# Intuition / interpretation of a distribution of eigenvalues of a correlation matrix?

What is your intuition / interpretation of a distribution of eigenvalues of a correlation matrix? I tend to hear that usually 3 largest eigenvalues are the most important, while those close to zero are noise. Also, I’ve seen a few research papers investigating how naturally occuring eigenvalue distributions differ from those calculated from random correlation matrices (again, distinguising noise from signal).

I tend to hear that usually 3 largest eigenvalues are the most important, while those close to zero are noise

You can test for that. See the paper linked in this post for more detail. Again if your dealing with financial times series you might wanna correct for leptokurticity first (i.e. consider the series of garch-adjusted returns, not the raw returns).

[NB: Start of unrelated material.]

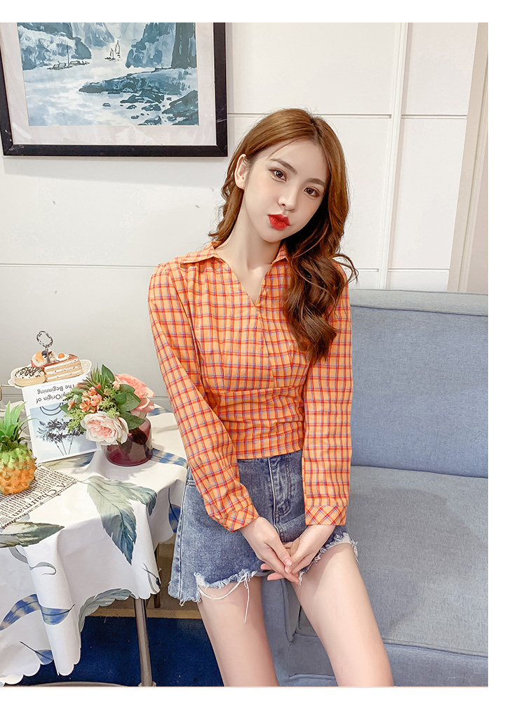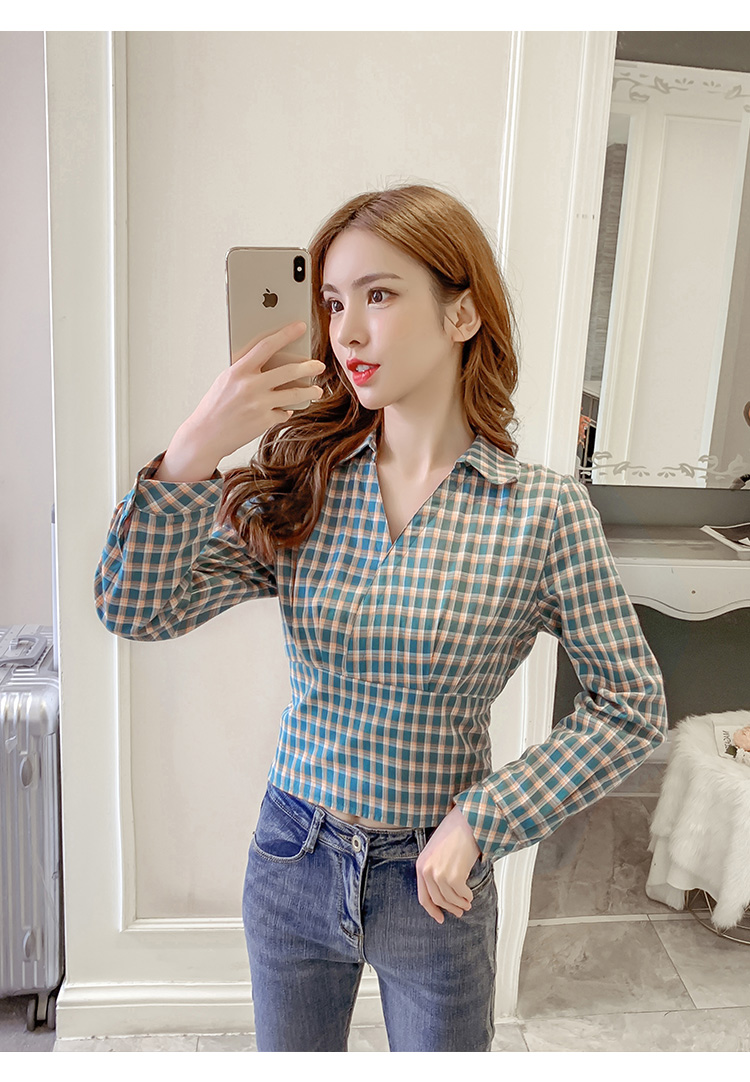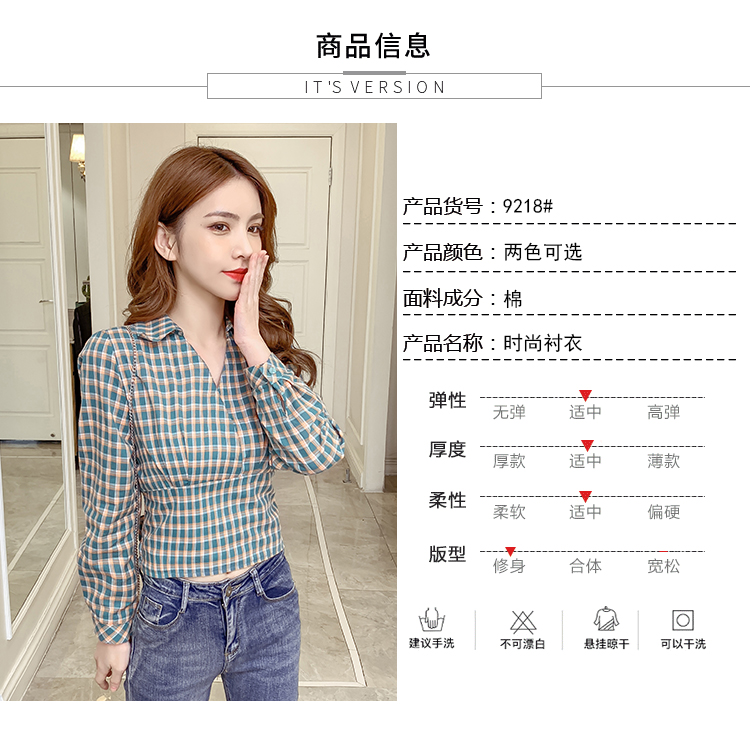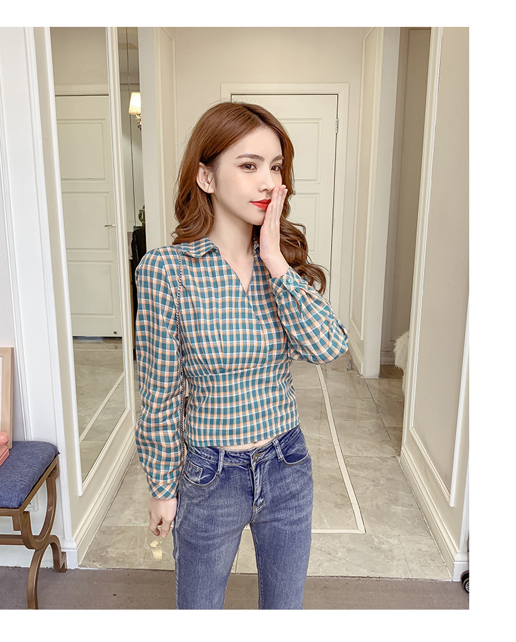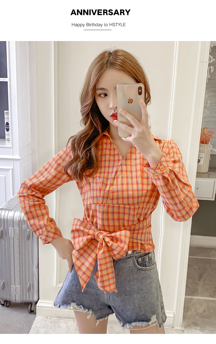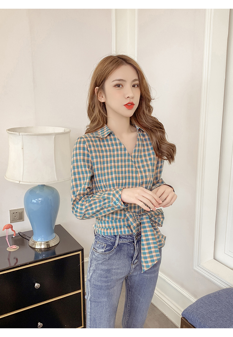 2019秋季復古港味格子襯衫女長袖收腰顯瘦蝴蝶結系帶短款上衣1入

I’ve seen a few research papers investigating how naturally occuring eigenvalue distributions differ from those calculated from random correlation matrices (again, distinguising noise from signal).

Edward:> Usually, one would do it the other way arround: look at the multivariate distribution of eigenvalues (of correlation matrices) coming from the application you want. Once you have identified a credible candidate for the distribution of eigenvalues, it should be fairly easy to generate from them.

The best procedure on how to identify the multivariate distribution of your eigenvalues depends on how many assets you want to consider simultaneously (i.e. what are the dimensions of your correlation matrix). There is a neat trick if $p\leq 10$ ($p$ being the number of assets).

1. Suppose you have $j=1,…,J$ sub samples of multivariate data. You need an estimator of the variance-covariance matrix $\tilde{C}_j$ for each sub-sample $j$ ( you could use the classical estimator or a robust alternative such as the fast MCD, which is well implemented in matlab, SAS, S,R,…). As usual, if your dealing with financial times series you would want to consider the series of garch-adjusted returns, not raw returns.
2. For each sub sample $j$, compute $\tilde{\Lambda}_j=$ $\log(\tilde{\lambda}_1^j)$ ,…, $\log(\tilde{\lambda}_p^j)$ , the eigen values of $\tilde{C}_j$.
3. Compute $CV(\tilde{\Lambda})$, the convex hull of the $J \times p$ matrix whose j-th entry is $\tilde{\Lambda}_j$ (again, this is well implemented in Matlab, R,…).
4. Draw points at random from inside $CV(\tilde{\Lambda})$ (this done by giving weight $w_i$ to each of the edges of $CV(\tilde{\Lambda})$ where $w_i=\frac{\gamma_i}{\sum_{i=1}^{p}\gamma_i}$, where $\gamma_i$ is a draw from an unit exponential distribution (more details here).
A limitation is that fast computation of the convex hull of a series of points becomes extremely slow when the number of dimensions is larger than 10. $J\geq2$